Your objective: Go to the line below that has "Recorded at Studio", print it and each line after it exactly, and stop after the line that has "María Guillermina Vélez"; leave out pictures.

Provided records:
*** Block opens ***

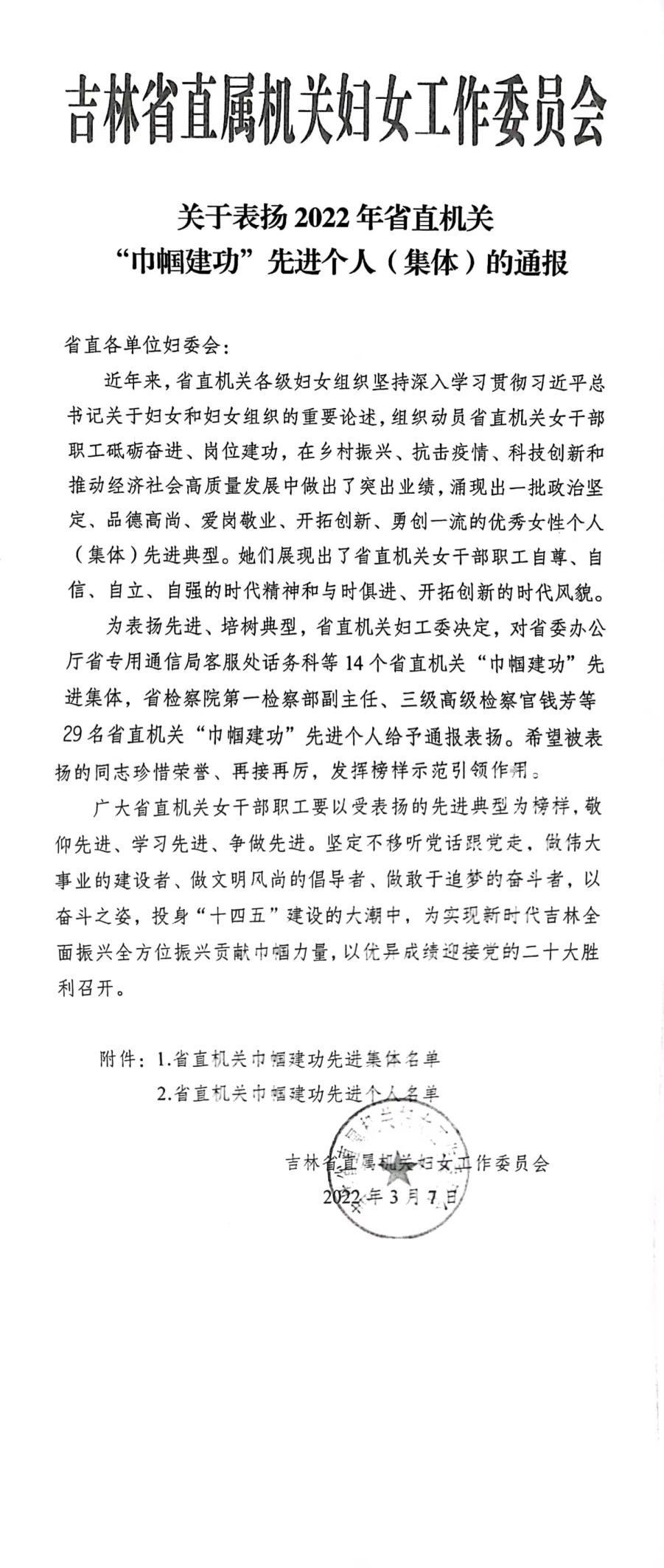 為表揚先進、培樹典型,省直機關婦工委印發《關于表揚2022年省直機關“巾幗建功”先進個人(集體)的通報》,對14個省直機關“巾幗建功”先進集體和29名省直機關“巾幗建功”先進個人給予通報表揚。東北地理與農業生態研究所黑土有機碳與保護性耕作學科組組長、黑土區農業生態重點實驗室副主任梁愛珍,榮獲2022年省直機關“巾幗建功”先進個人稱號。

*** Block closes ***
*** Block opens ***

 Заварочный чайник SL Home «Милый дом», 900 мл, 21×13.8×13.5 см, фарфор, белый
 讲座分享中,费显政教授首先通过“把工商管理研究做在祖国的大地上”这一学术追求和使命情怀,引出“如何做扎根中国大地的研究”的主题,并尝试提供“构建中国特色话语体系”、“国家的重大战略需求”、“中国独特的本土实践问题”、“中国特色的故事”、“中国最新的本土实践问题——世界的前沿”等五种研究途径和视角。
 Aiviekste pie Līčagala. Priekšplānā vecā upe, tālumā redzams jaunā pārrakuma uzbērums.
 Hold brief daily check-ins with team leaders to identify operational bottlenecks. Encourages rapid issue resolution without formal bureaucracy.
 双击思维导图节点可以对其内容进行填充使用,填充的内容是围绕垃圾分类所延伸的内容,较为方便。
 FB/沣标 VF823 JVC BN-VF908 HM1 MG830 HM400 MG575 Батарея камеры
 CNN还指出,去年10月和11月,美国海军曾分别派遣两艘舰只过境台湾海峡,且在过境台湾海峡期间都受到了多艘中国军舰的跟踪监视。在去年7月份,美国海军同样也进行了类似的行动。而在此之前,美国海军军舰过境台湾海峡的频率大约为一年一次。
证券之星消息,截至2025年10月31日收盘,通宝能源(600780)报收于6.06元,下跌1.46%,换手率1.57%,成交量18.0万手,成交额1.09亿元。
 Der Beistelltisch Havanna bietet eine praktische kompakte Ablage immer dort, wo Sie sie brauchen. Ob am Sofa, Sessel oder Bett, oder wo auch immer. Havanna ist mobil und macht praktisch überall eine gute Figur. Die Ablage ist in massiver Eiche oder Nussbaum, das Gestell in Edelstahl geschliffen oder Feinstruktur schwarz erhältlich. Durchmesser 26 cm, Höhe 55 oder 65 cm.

*** Block closes ***
*** Block opens ***

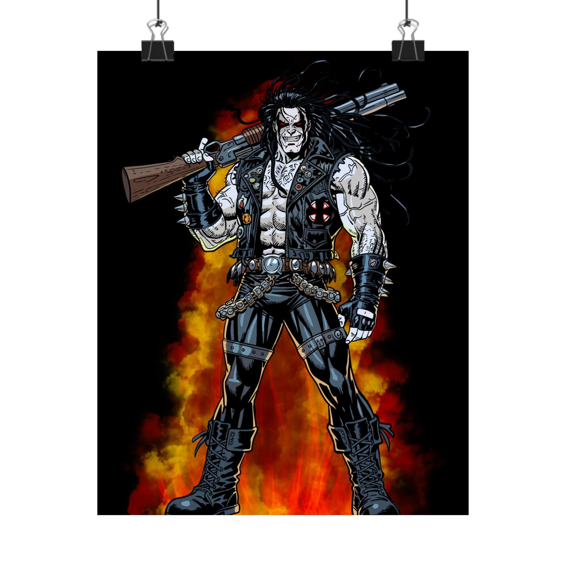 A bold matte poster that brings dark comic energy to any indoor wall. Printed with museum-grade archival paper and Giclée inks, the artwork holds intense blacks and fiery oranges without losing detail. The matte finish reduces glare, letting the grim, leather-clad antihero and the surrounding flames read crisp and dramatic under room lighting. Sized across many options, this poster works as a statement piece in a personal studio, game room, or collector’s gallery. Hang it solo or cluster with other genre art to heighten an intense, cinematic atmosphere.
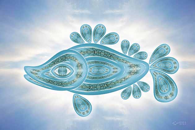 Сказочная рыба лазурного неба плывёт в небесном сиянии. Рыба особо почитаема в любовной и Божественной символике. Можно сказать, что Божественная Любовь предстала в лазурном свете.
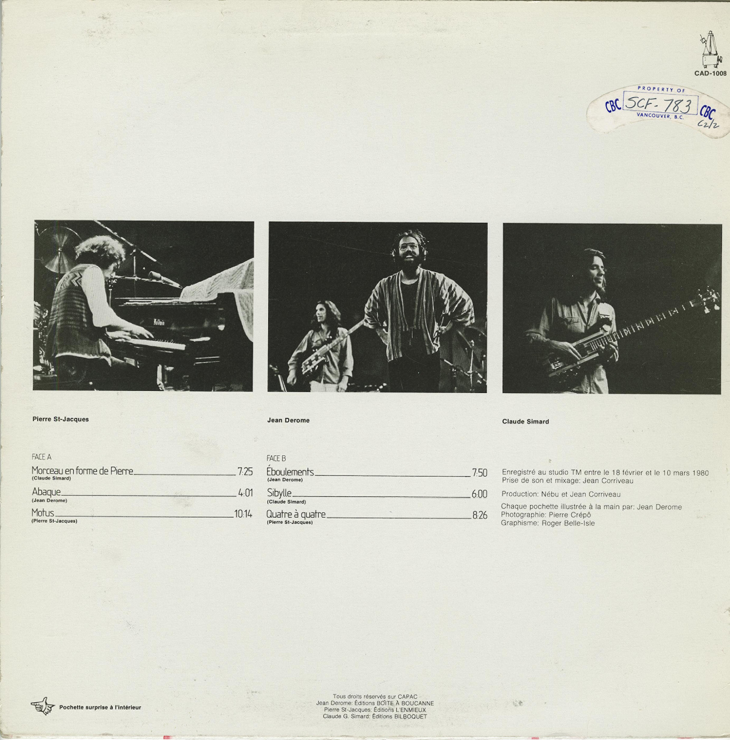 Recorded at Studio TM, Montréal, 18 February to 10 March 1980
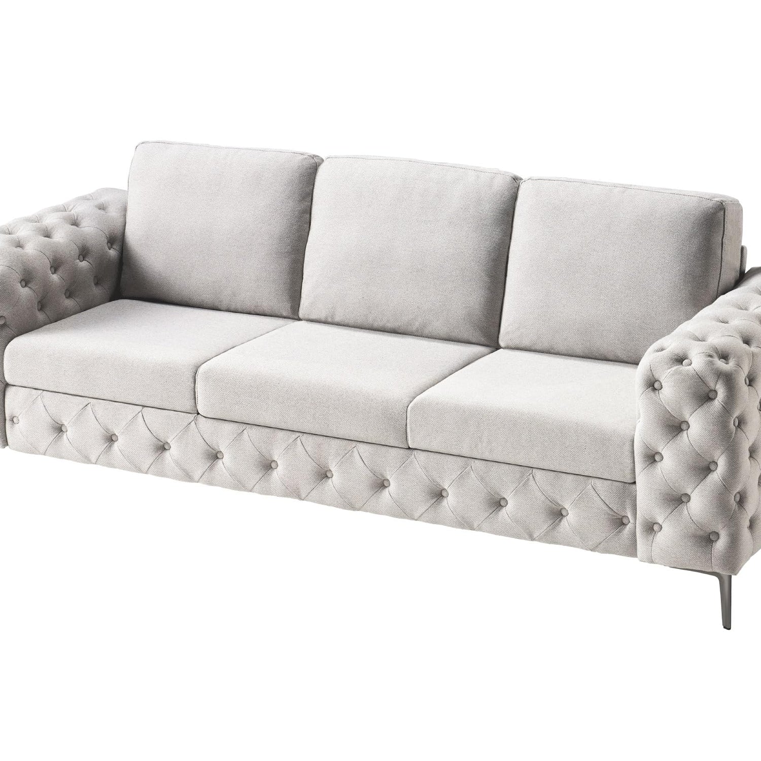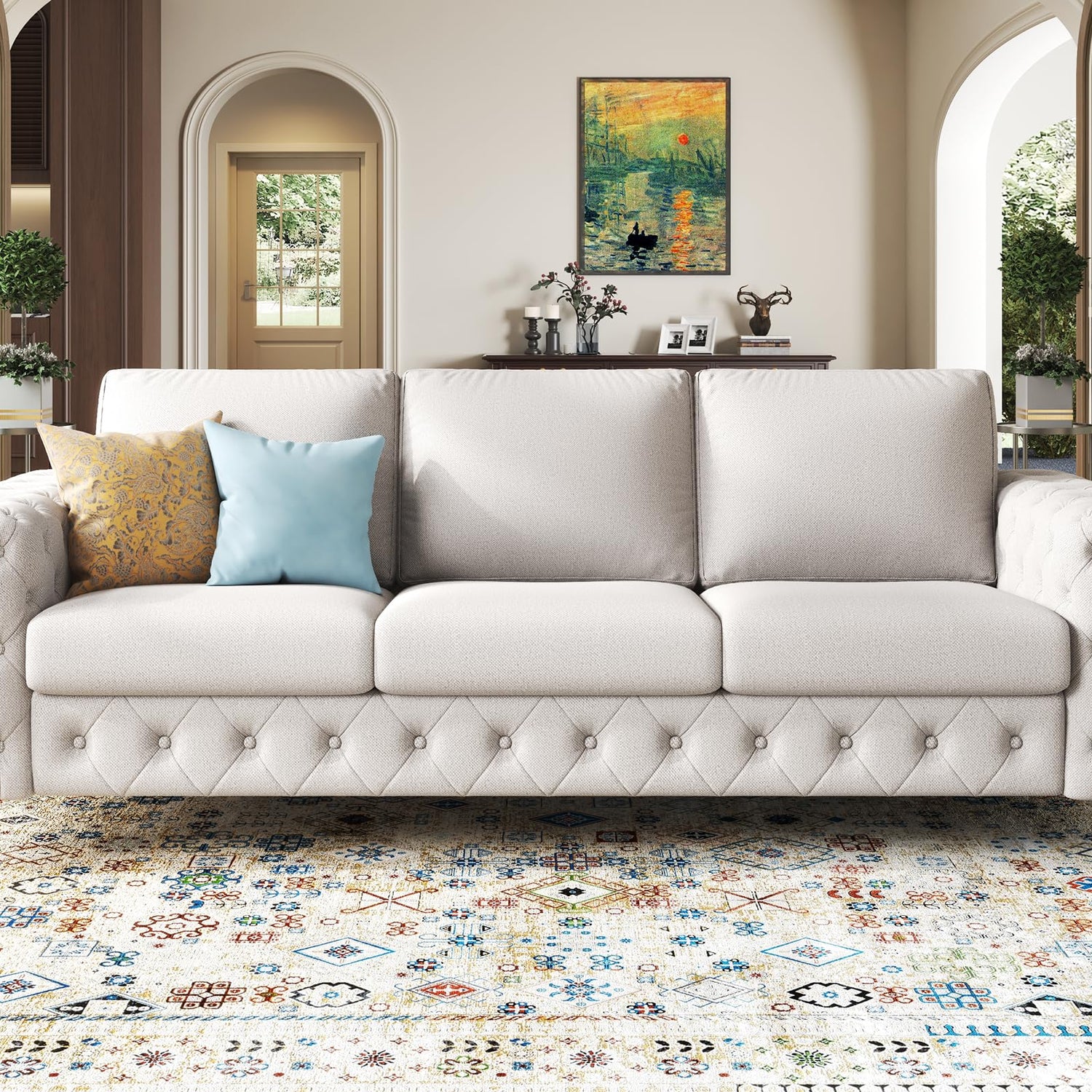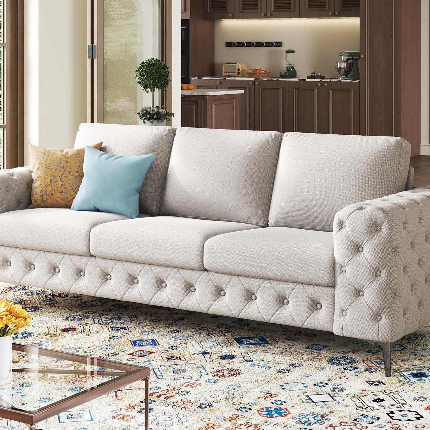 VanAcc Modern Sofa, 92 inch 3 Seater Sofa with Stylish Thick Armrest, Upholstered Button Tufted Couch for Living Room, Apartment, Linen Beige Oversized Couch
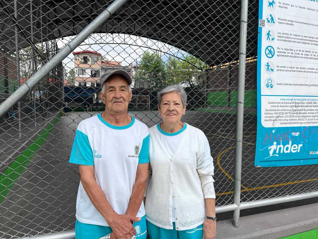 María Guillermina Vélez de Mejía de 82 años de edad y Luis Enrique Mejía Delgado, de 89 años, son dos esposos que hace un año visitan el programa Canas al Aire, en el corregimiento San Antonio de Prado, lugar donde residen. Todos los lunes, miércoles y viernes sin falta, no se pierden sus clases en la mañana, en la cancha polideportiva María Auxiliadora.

*** Block closes ***

Answer area:
 Recorded at Studio TM, Montréal, 18 February to 10 March 1980
 VanAcc Modern Sofa, 92 inch 3 Seater Sofa with Stylish Thick Armrest, Upholstered Button Tufted Couch for Living Room, Apartment, Linen Beige Oversized Couch
 María Guillermina Vélez de Mejía de 82 años de edad y Luis Enrique Mejía Delgado, de 89 años, son dos esposos que hace un año visitan el programa Canas al Aire, en el corregimiento San Antonio de Prado, lugar donde residen. Todos los lunes, miércoles y viernes sin falta, no se pierden sus clases en la mañana, en la cancha polideportiva María Auxiliadora.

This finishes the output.